Posted: Tue Nov 22, 2016 19:04 Post subject: DHCP list avalible from web
Hey folks,
I did a security on my Workstation today, and on of the things it gave me back was the companies router address in the form of a DNS style address I didnt know what it was so i went to it and it brought me to the ip address for the company router.
The problem I have with this, is that From the main page, I can see a complete list of everyone one of the DHCP Clients currently connected, along with the internal IP and mac address of each pc.
this seems like a huge security concern to me... but is it a valid concern? How do I hide the DHCP list?
again.. this was WITHOUT logging into the router. Just on the public IP of the router. (info page of the router i beleive)

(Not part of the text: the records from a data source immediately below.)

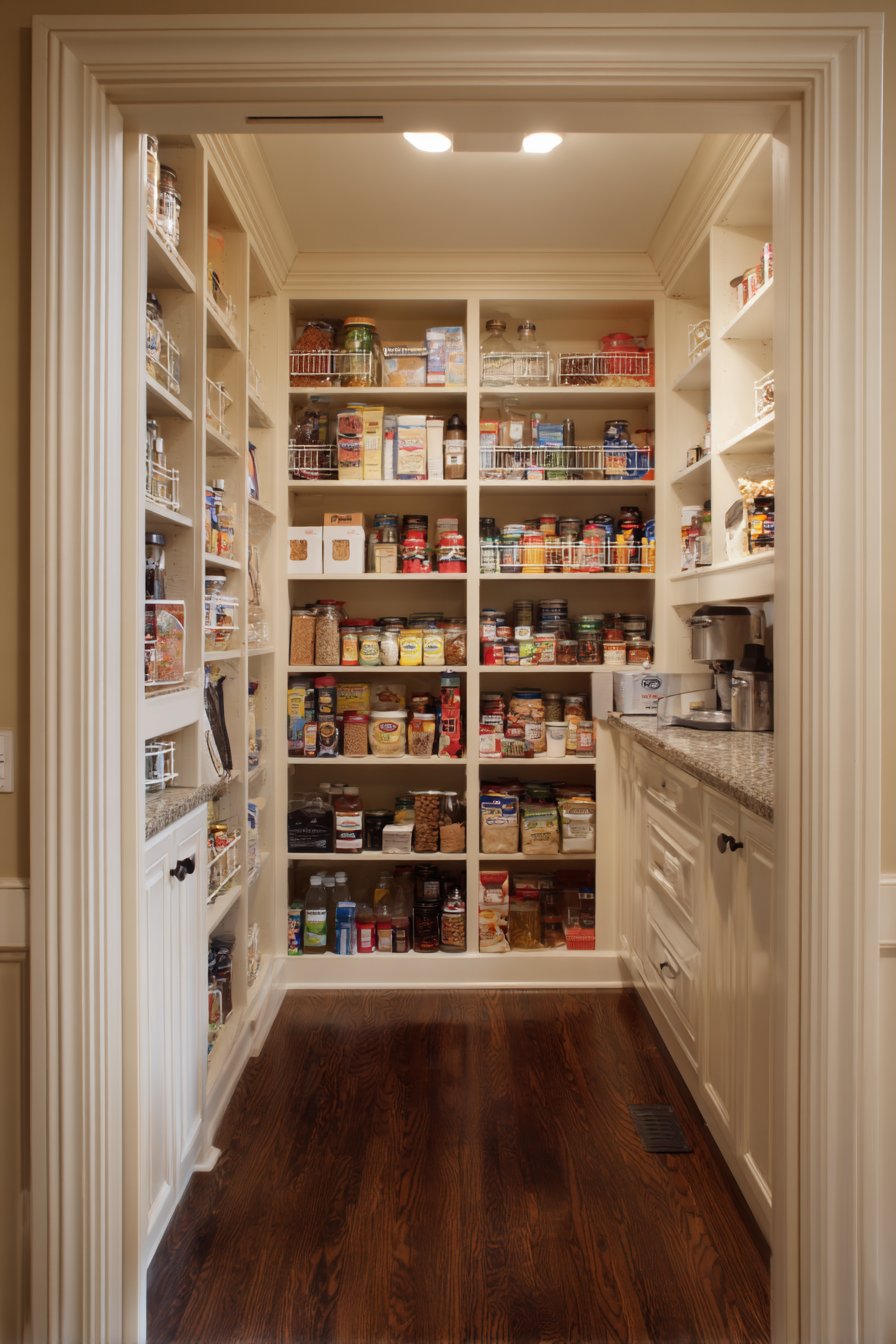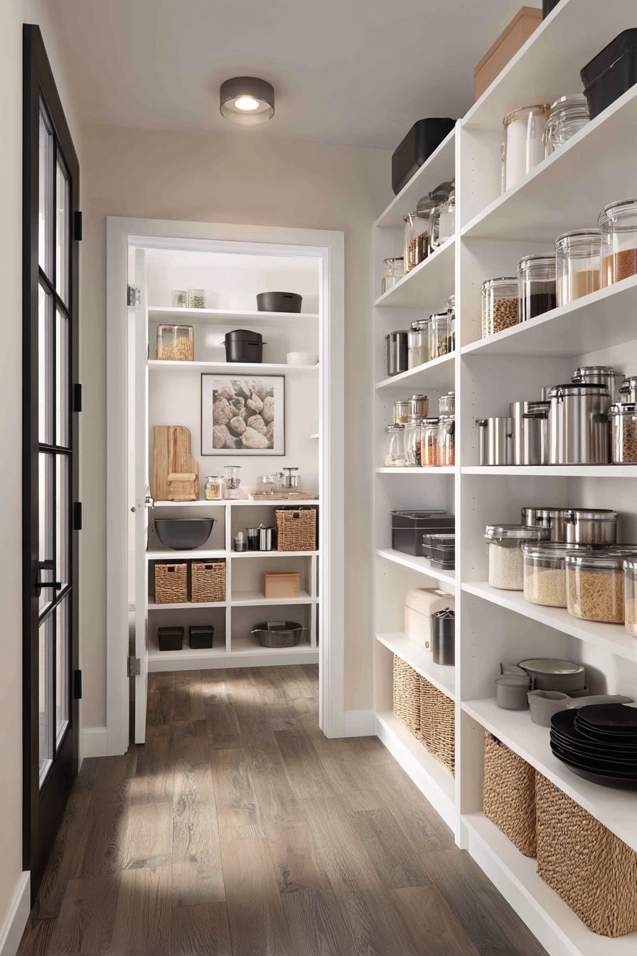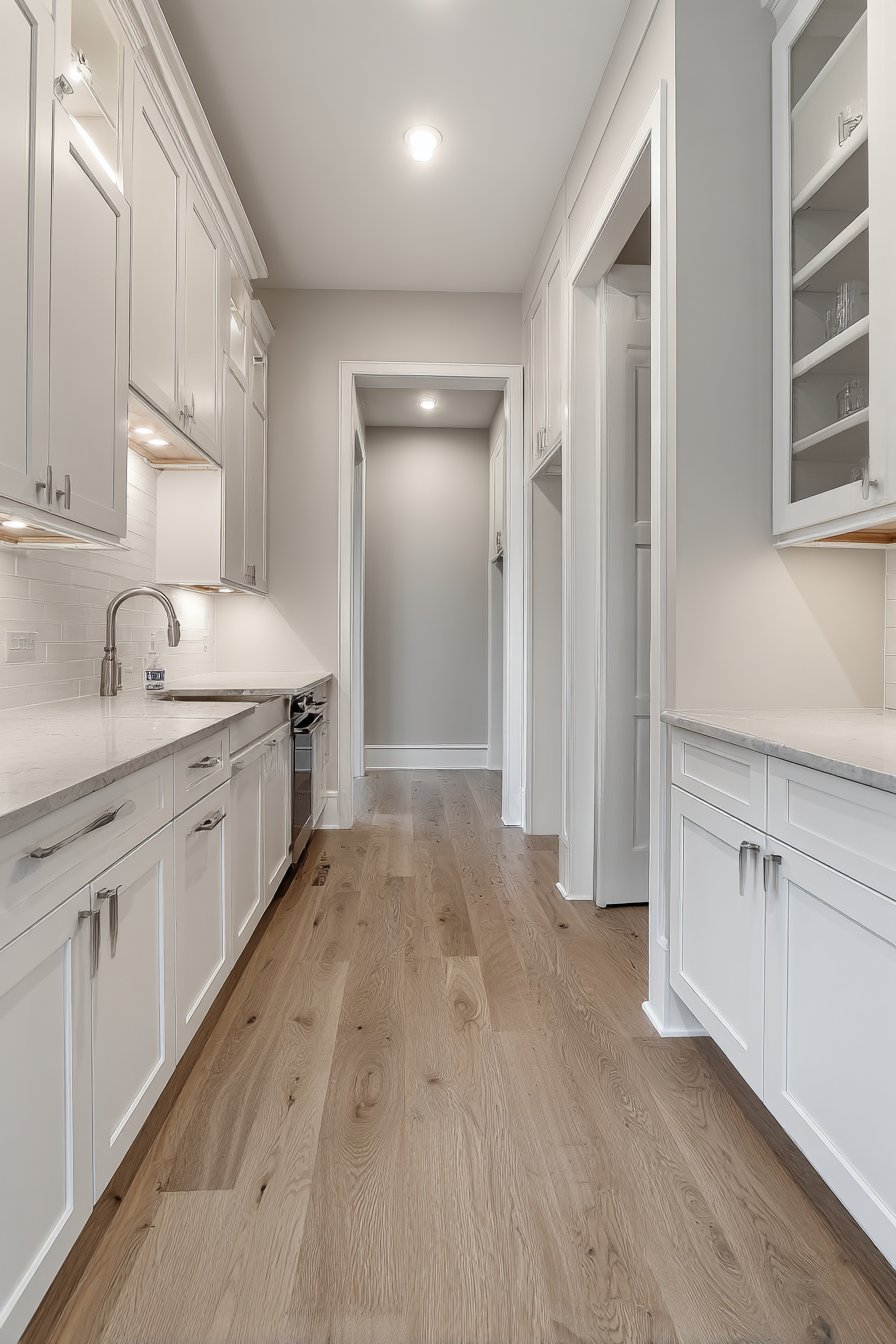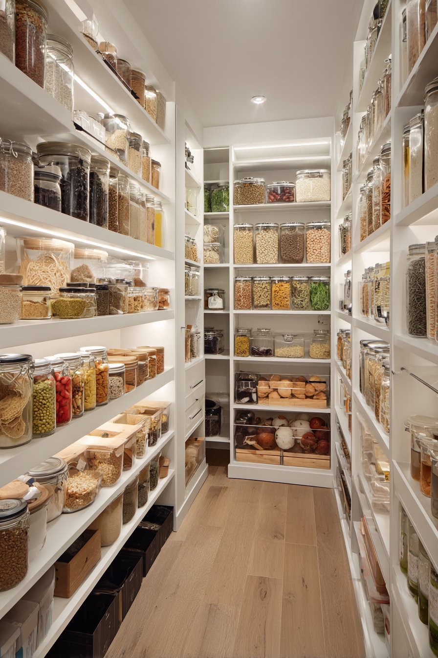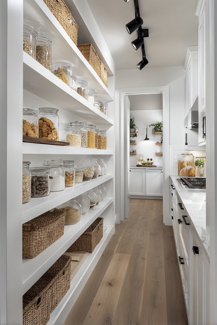 Galley-style pantry corridors benefit from continuous linear LED lighting systems. Low-profile LED strips in aluminum channels with frosted diffusers run ceiling lengths. The uniform illumination lights both sides of narrow spaces effectively. White built-in cabinetry and light oak shelving maximize brightness from efficient lighting.
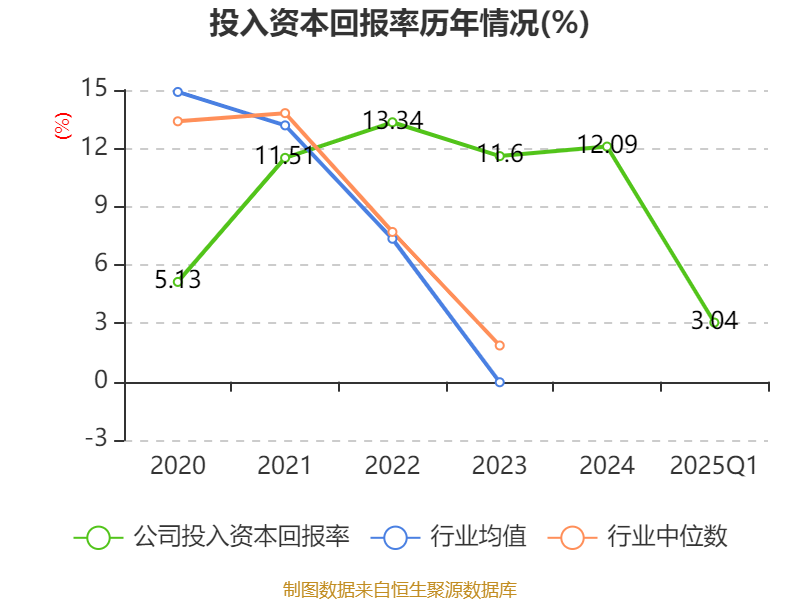 盈利能力方面, 2025年一季度公司加权平均净资产收益率为3.25%,同比上升0.35个百分点。公司2025年第一季度投入资本回报率为3.04%,较上年同期上升0.51个百分点。
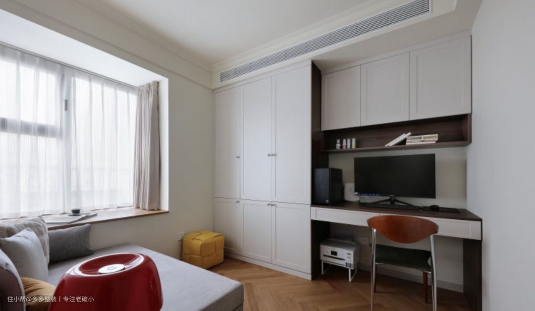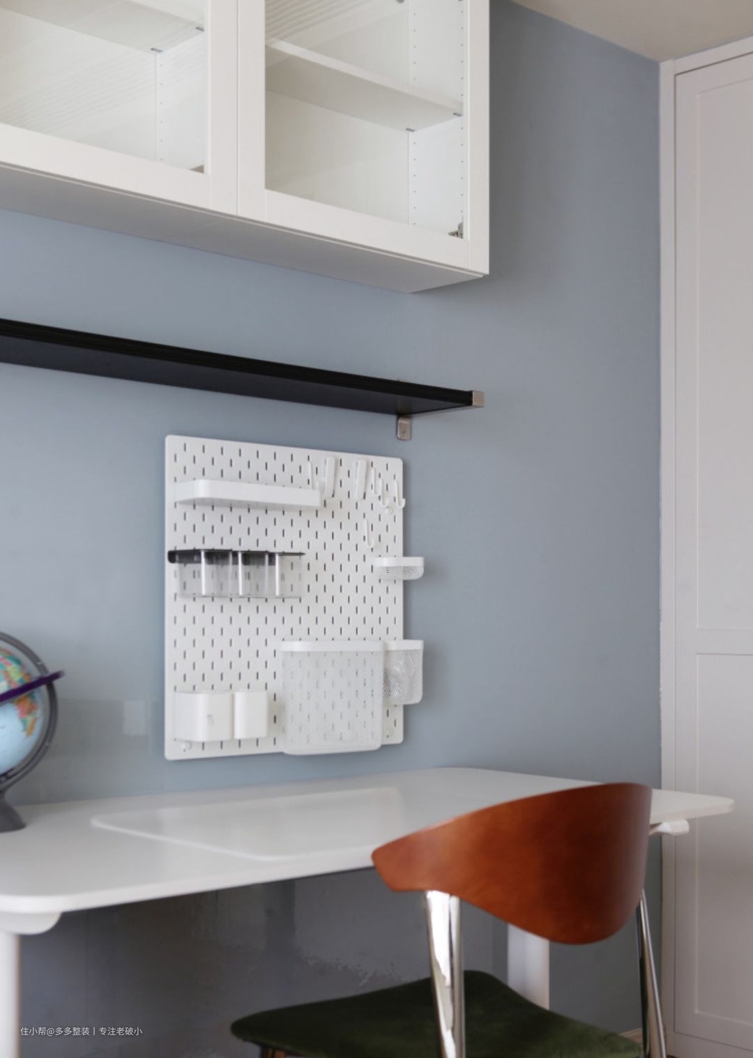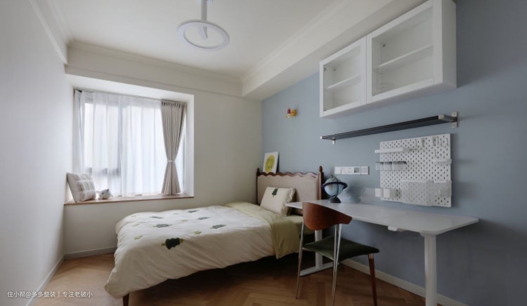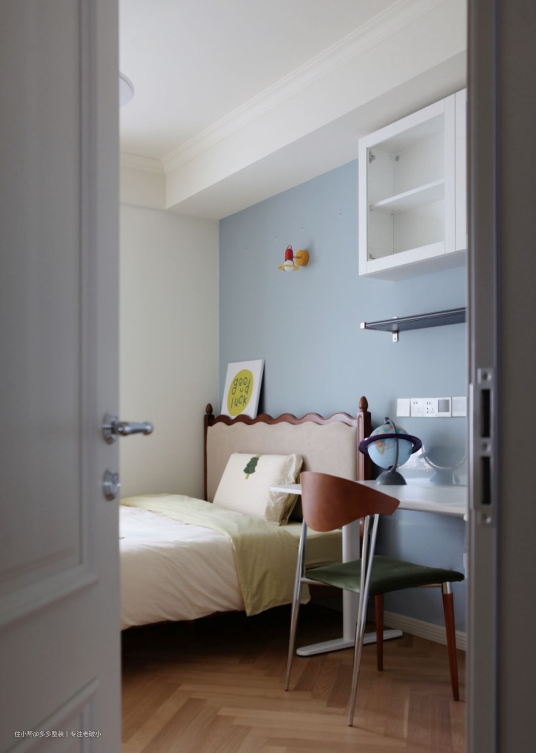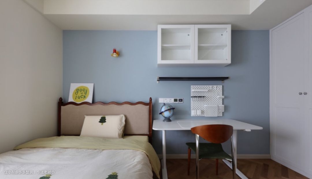 儿童房用雾霾蓝打底,营造出清新活泼的氛围感,波浪形的床头增添不少生动与童趣。书桌柜搭配简单的白色,让空间整体保持简洁干净,随着小朋友的成长,再更换适合的可移动家具或软装搭配,都不会与白色有冲突。

You can't hide the list, per se, but you can obscure the MAC addresses. Navigate to Administration > Management & check 'Info Site MAC Masking'. This will change all but the last 2 octets to 'xx:...' & still allow you to view active clients at a glance. _________________ NetGear XR500 - FW Version: DD-WRT v3.0-r55819 std (04/17/24)
Linux 6.1.86 #130 SMP Wed Apr 17 05:48:30 +07 2024 armv7l
Updated from: DD-WRT v3.0-55779 std (04/12/24) via GUI (FF), NO reset
Gateway: SmartDNS, DDNS (FreeDNS), IPv4 DHCP, Static leases, SFE Disabled, QoS Disabled
AP: 2.4GHz NG-Mixed 40MHz, 5GHz AC/N-Mixed 80MHz, WPA2 w/ AES, MAC filtering, Isolated Guest VAP on wlan1, Vanilla FW
Services: USB Storage, NAS, Samba
Storage: Samsung Portable SSD T7 Shield USB 3.2 2TB, /jffs, /opt, /data (ext4)
Never occurred to me, as I've never enabled remote admin... which I do see as a potential security risk. Still, obscuring MAC addresses is definitely s step in the right direction if you do so. And using https.
Any other opinions from the gallery? _________________ NetGear XR500 - FW Version: DD-WRT v3.0-r55819 std (04/17/24)
Linux 6.1.86 #130 SMP Wed Apr 17 05:48:30 +07 2024 armv7l
Updated from: DD-WRT v3.0-55779 std (04/12/24) via GUI (FF), NO reset
Gateway: SmartDNS, DDNS (FreeDNS), IPv4 DHCP, Static leases, SFE Disabled, QoS Disabled
AP: 2.4GHz NG-Mixed 40MHz, 5GHz AC/N-Mixed 80MHz, WPA2 w/ AES, MAC filtering, Isolated Guest VAP on wlan1, Vanilla FW
Services: USB Storage, NAS, Samba
Storage: Samsung Portable SSD T7 Shield USB 3.2 2TB, /jffs, /opt, /data (ext4)
Just to reiterate... this is not a security concern? correct?
MAC addresses are only valid when on the same subnet. So unless you change to a different subnet the MAC address does not make a difference.
The one thing that you should know/remember is that wireless devices will broadcast their MAC address (this is how they know how to communicate to each other). The first 6 hex numbers (little x's below) are the manufacturer id and the last 6 (capital Y's below) are the unique device id assigned from manufacturer.
xx:xx:xx:YY:YY:YY
Since a MAC address is intended to be unique, there is more privacy concerns than security. For example, if you posted online the full MAC address, and then someone at a coffee shop saw the same MAC address, they could indirectly identify you.
But I agree with d00zah.
Just trying to educate you, so you can make the right choice for you.